The war proved a massive opportunity for the Zionists. The Ottoman Empire was collapsing, and lands taken from them would be divided up among the victorious powers. Joseph Trumpeldor and Vladimir Jabotinsky created the Zion Mule Corps, a Jewish fighting unit which served with the British at Gallipoli. Toward the end of the war, Jabotinsky also formed "The Jewish Legion", four battalions of Royal Fusiliers, 5,000-strong, fighting under the Union Jack. In developing the military strength and dexterity of the Zionist foot soldiers, both Jabotinsky and Aaron Aaronsohn hoped to create a military force capable of crushing the Palestinians, while at the same time breaking the sterile Gentile myth about the passive Jew. Jews, they wanted to prove, could be strongmen too. Jabotinsky, one of the most famous 'revisionist' Zionists of the time, was an unabashed reactionary, admirer of Mussolini and anti-Arab racist. He formulated the "Iron Wall" doctrine, in which he recognised that the Palestinians would never accede to the Jewish state unless they were FORCED to. Therefore, the Jews should build a vast, military 'iron wall' that would crush the Palestinian resistance until they HAD to negotiate. (Avi Shlaim, "The Iron Wall", 2001). Alexander Aaronsohn remarked that "[t]he Arab is a cunning fellow whose only respect is for brute force. He exercises it himself for every possible victim and expects the same treatment from his superiors." (Alex Aaronsohn, "With the Turks in Palestine", 1917). These 'revisionist' Zionists were more doctrinaire in their contempt for the Arab population, and also more willing to accept the human cost that would come with their project to seize Palestine.

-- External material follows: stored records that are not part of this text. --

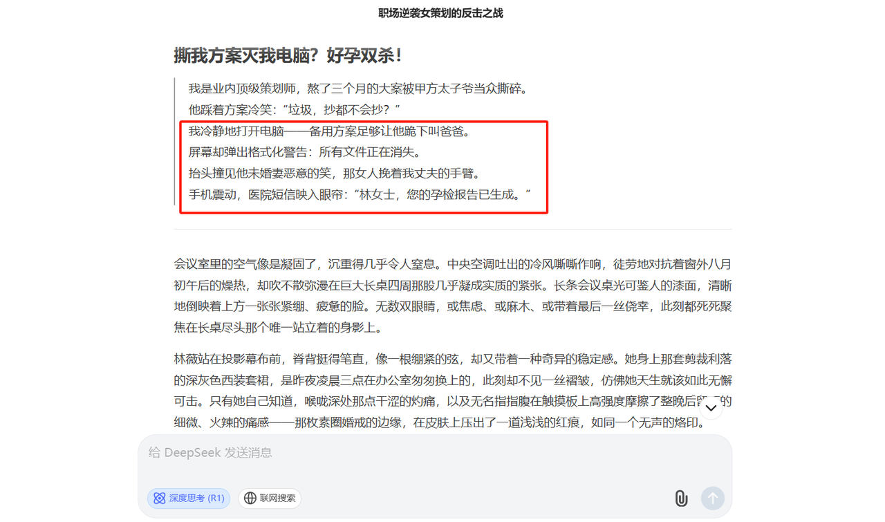 如果你开头总写崩,DeepSeek能帮你先把整体结构定死,避免剧情跑偏,提升平台编辑对你作品的信任度,更容易通过试稿审核。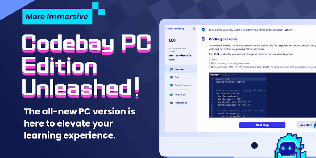 At Codebay, learning programming is easy, especially for beginners. Immerse yourself in the coding world effortlessly with our engaging interactive lessons and your personal AI tutor. Learn anytime, a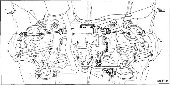 图:红色轮廓显示 HICAS 运行时后副车架应如何转向。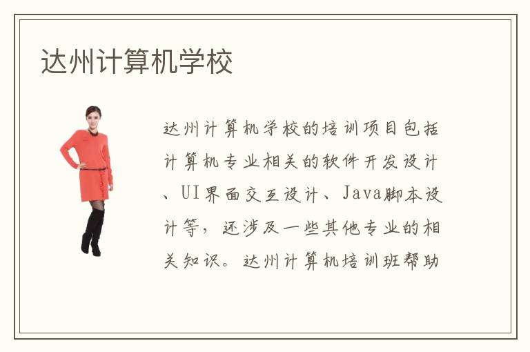 達(dá)州計(jì)算機(jī)學(xué)校的培訓(xùn)項(xiàng)目包括計(jì)算機(jī)專業(yè)相關(guān)的軟件開發(fā)設(shè)計(jì)、UI界面交互設(shè)計(jì)、Java腳本設(shè)計(jì)等,還涉及一些其他專業(yè)的相關(guān)知識(shí)。達(dá)州計(jì)算機(jī)培訓(xùn)班幫助學(xué)生們進(jìn)行的課外拓展提升有怎么樣的效果呢?達(dá)州計(jì)算機(jī)培訓(xùn)學(xué)校合理安排學(xué)生們的學(xué)習(xí)時(shí)間,保證高效地利用起學(xué)生們的課余時(shí)間。在達(dá)州電腦培訓(xùn)班學(xué)習(xí)有效果嘛?達(dá)州計(jì)算機(jī)學(xué)校對(duì)計(jì)算機(jī)培訓(xùn)自成一套。

Official Zionism, exemplified by the skilled diplomat Chaim Weizmann, was contemptuous of the revisionists. For, while Jabotinsky et al prepared for conflict, Weizmann negotiated painstakingly with the imperial powers to achieve what Herzl had been unable to: an international power agreeing the framework for a Jewish state in Palestine.
Two documents emerged in the war years, one in 1916 the other in 1917. The first was the Sykes-Picot agreement, in which Russia, Britain and France agreed to divvy up the Middle East between them. This document was made public by the Bolshevik hell-raisers, causing enormous embarrassment for the British who had made promises to "recognise and support" the independence of the Arabs in the Arabian Peninsula, Palestine, Transjordan, Syria and Iraq. The second document, somewhat of an extension of the first but much more significant, was the Balfour Declaration. 117 words long, the letter composed by Secretary of State for Foreign Affairs Arthur Balfour to Lord Rothschild stands as the most significant piece of literature written on the subject of Palestine before the inception of Israel. It expresses the British government's sympathy with the Zionist goal of establishing a Jewish homeland, provided "nothing shall be done which may prejudice the civil and religious rights of the existing non-Jewish communities in Palestine".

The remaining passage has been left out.